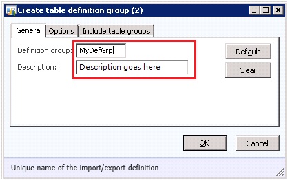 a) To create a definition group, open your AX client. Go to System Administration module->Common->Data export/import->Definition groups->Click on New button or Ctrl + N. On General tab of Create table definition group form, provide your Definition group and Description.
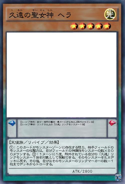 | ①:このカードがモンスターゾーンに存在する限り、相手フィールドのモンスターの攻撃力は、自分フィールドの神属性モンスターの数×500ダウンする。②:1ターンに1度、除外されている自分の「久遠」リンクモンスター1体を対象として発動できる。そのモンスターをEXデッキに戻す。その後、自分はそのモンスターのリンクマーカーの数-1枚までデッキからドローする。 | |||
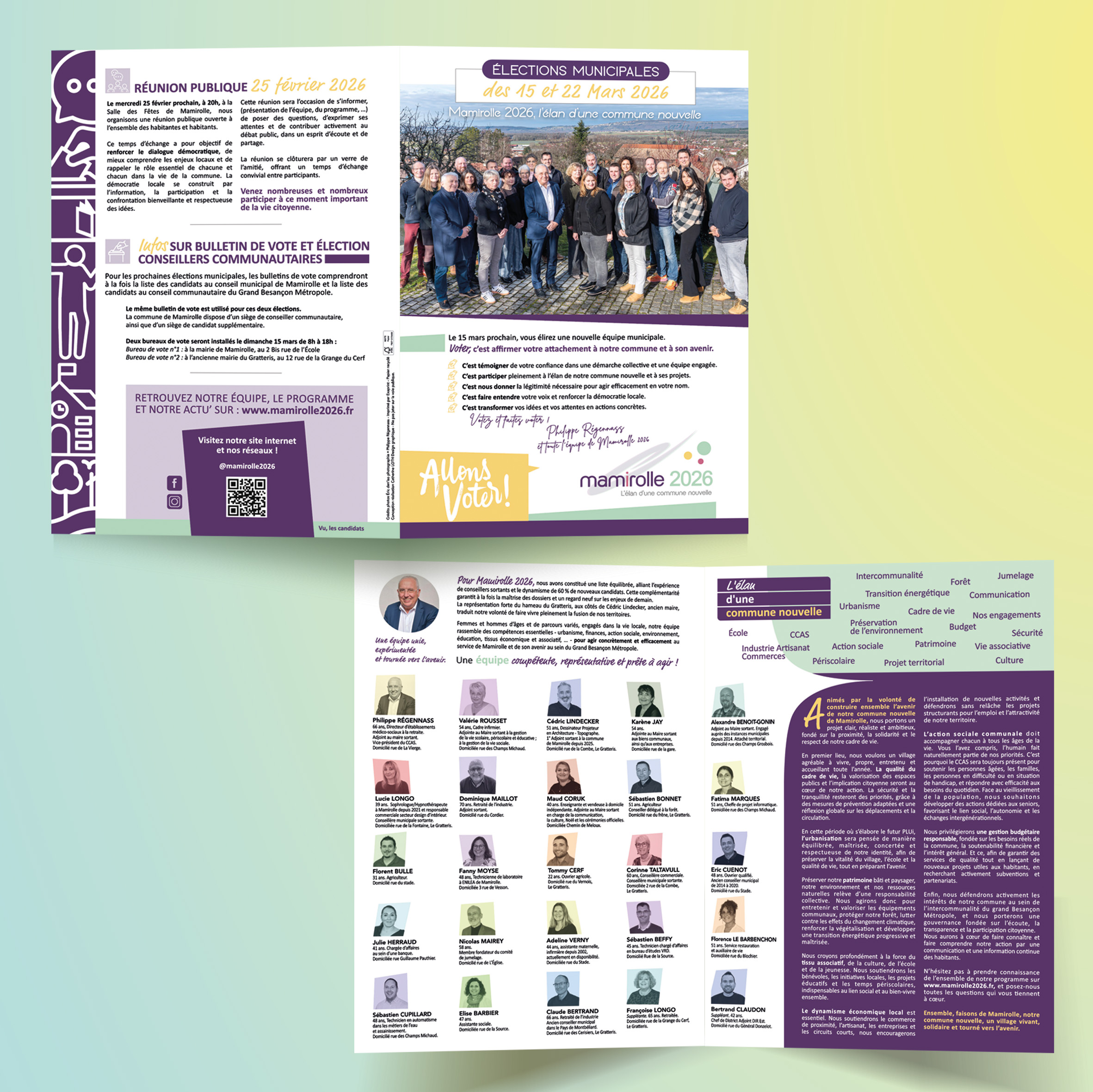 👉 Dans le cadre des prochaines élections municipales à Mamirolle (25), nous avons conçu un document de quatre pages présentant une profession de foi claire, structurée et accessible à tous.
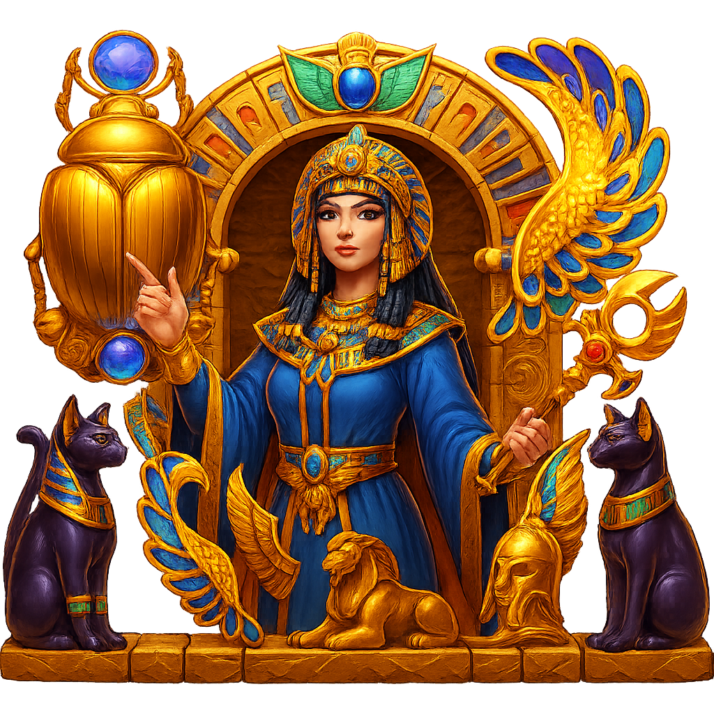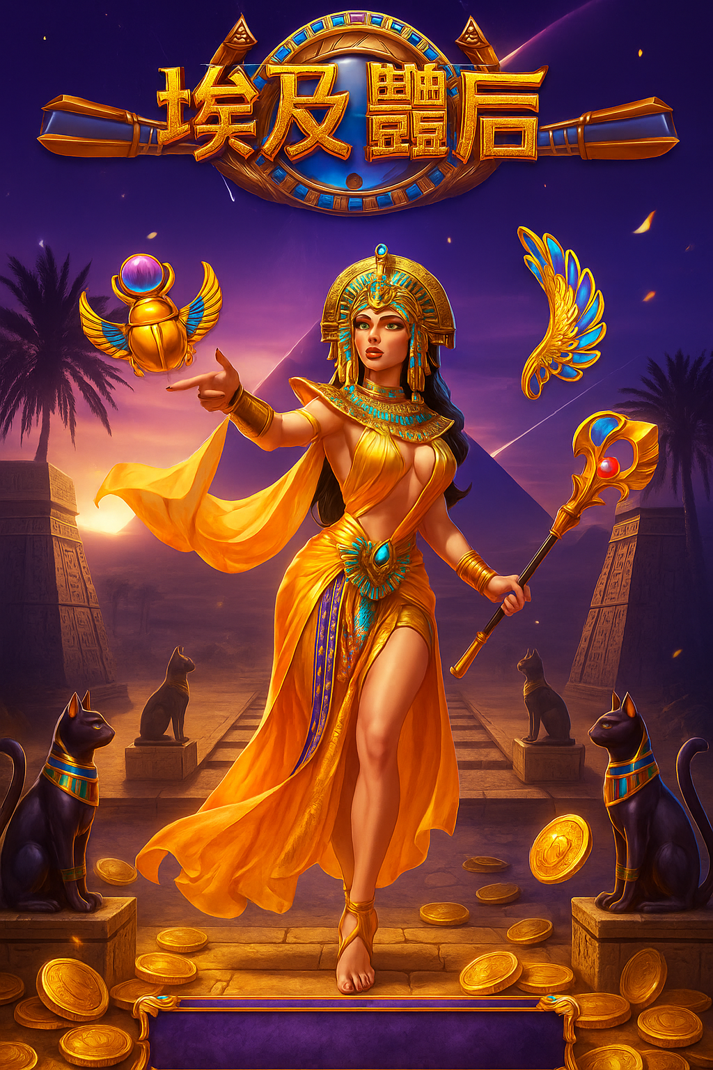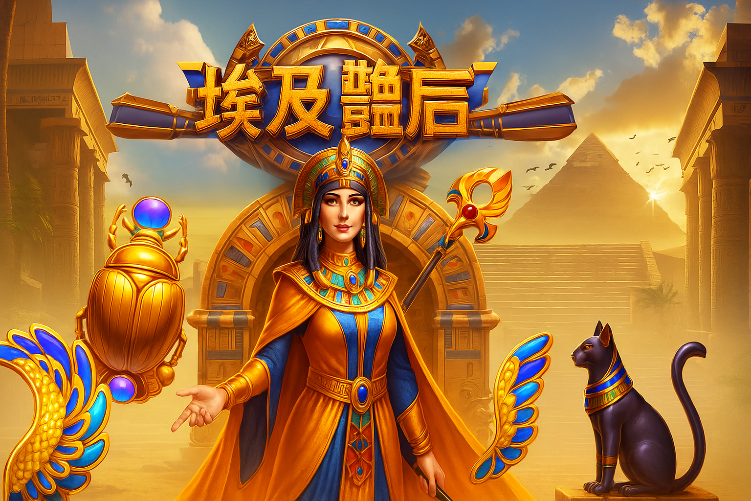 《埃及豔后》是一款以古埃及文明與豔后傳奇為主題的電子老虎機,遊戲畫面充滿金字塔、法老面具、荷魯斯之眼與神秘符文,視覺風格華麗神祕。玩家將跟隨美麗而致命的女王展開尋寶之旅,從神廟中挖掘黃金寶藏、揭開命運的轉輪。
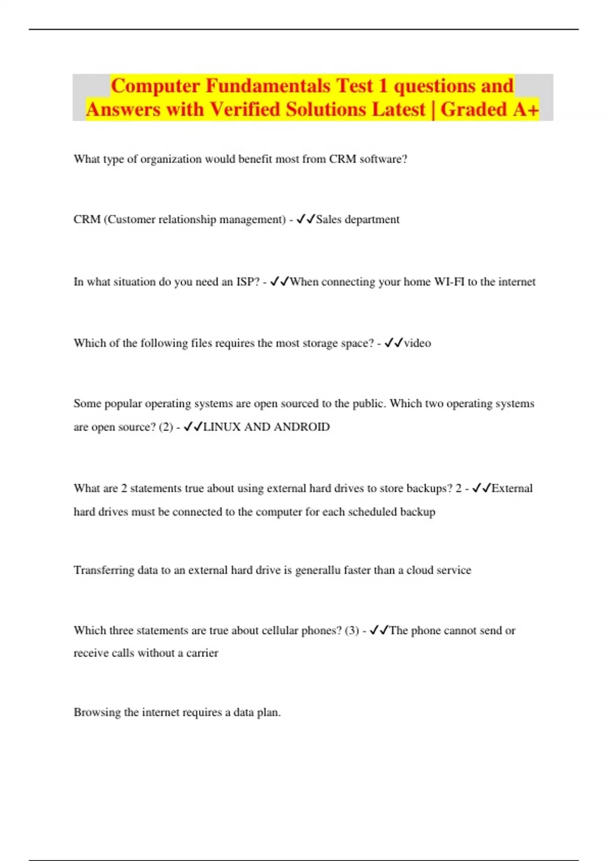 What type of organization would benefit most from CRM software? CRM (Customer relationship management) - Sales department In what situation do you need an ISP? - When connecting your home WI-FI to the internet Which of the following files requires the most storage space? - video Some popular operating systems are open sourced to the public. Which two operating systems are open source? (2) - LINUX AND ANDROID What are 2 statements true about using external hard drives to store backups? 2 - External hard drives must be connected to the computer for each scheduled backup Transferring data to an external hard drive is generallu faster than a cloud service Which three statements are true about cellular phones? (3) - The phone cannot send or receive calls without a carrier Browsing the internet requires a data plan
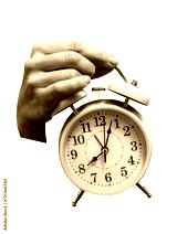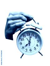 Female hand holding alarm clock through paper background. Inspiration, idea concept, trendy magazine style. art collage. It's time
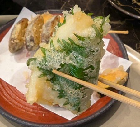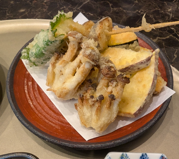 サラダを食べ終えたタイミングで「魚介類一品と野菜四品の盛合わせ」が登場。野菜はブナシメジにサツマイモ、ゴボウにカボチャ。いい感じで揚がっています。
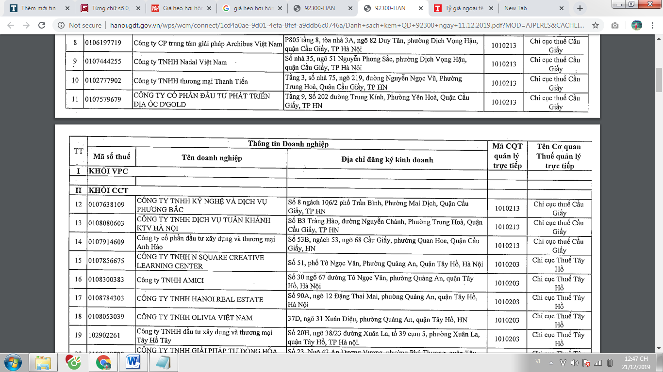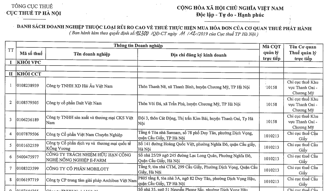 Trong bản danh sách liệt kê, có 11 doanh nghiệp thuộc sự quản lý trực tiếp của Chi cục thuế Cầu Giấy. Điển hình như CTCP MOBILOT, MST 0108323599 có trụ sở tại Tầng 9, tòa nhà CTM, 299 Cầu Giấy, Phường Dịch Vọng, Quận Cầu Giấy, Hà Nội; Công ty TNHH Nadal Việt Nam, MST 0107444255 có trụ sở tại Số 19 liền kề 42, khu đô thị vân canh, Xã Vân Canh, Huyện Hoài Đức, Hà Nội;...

····················

*TO DO:* Please produce an exact copy of the listing, omitting the pictures.

*OUTPUT:*
 a) To create a definition group, open your AX client. Go to System Administration module->Common->Data export/import->Definition groups->Click on New button or Ctrl + N. On General tab of Create table definition group form, provide your Definition group and Description.
 | ①:このカードがモンスターゾーンに存在する限り、相手フィールドのモンスターの攻撃力は、自分フィールドの神属性モンスターの数×500ダウンする。②:1ターンに1度、除外されている自分の「久遠」リンクモンスター1体を対象として発動できる。そのモンスターをEXデッキに戻す。その後、自分はそのモンスターのリンクマーカーの数-1枚までデッキからドローする。 | |||
 👉 Dans le cadre des prochaines élections municipales à Mamirolle (25), nous avons conçu un document de quatre pages présentant une profession de foi claire, structurée et accessible à tous.
 《埃及豔后》是一款以古埃及文明與豔后傳奇為主題的電子老虎機,遊戲畫面充滿金字塔、法老面具、荷魯斯之眼與神秘符文,視覺風格華麗神祕。玩家將跟隨美麗而致命的女王展開尋寶之旅,從神廟中挖掘黃金寶藏、揭開命運的轉輪。
 What type of organization would benefit most from CRM software? CRM (Customer relationship management) - Sales department In what situation do you need an ISP? - When connecting your home WI-FI to the internet Which of the following files requires the most storage space? - video Some popular operating systems are open sourced to the public. Which two operating systems are open source? (2) - LINUX AND ANDROID What are 2 statements true about using external hard drives to store backups? 2 - External hard drives must be connected to the computer for each scheduled backup Transferring data to an external hard drive is generallu faster than a cloud service Which three statements are true about cellular phones? (3) - The phone cannot send or receive calls without a carrier Browsing the internet requires a data plan
 Female hand holding alarm clock through paper background. Inspiration, idea concept, trendy magazine style. art collage. It's time
 サラダを食べ終えたタイミングで「魚介類一品と野菜四品の盛合わせ」が登場。野菜はブナシメジにサツマイモ、ゴボウにカボチャ。いい感じで揚がっています。
 Trong bản danh sách liệt kê, có 11 doanh nghiệp thuộc sự quản lý trực tiếp của Chi cục thuế Cầu Giấy. Điển hình như CTCP MOBILOT, MST 0108323599 có trụ sở tại Tầng 9, tòa nhà CTM, 299 Cầu Giấy, Phường Dịch Vọng, Quận Cầu Giấy, Hà Nội; Công ty TNHH Nadal Việt Nam, MST 0107444255 có trụ sở tại Số 19 liền kề 42, khu đô thị vân canh, Xã Vân Canh, Huyện Hoài Đức, Hà Nội;...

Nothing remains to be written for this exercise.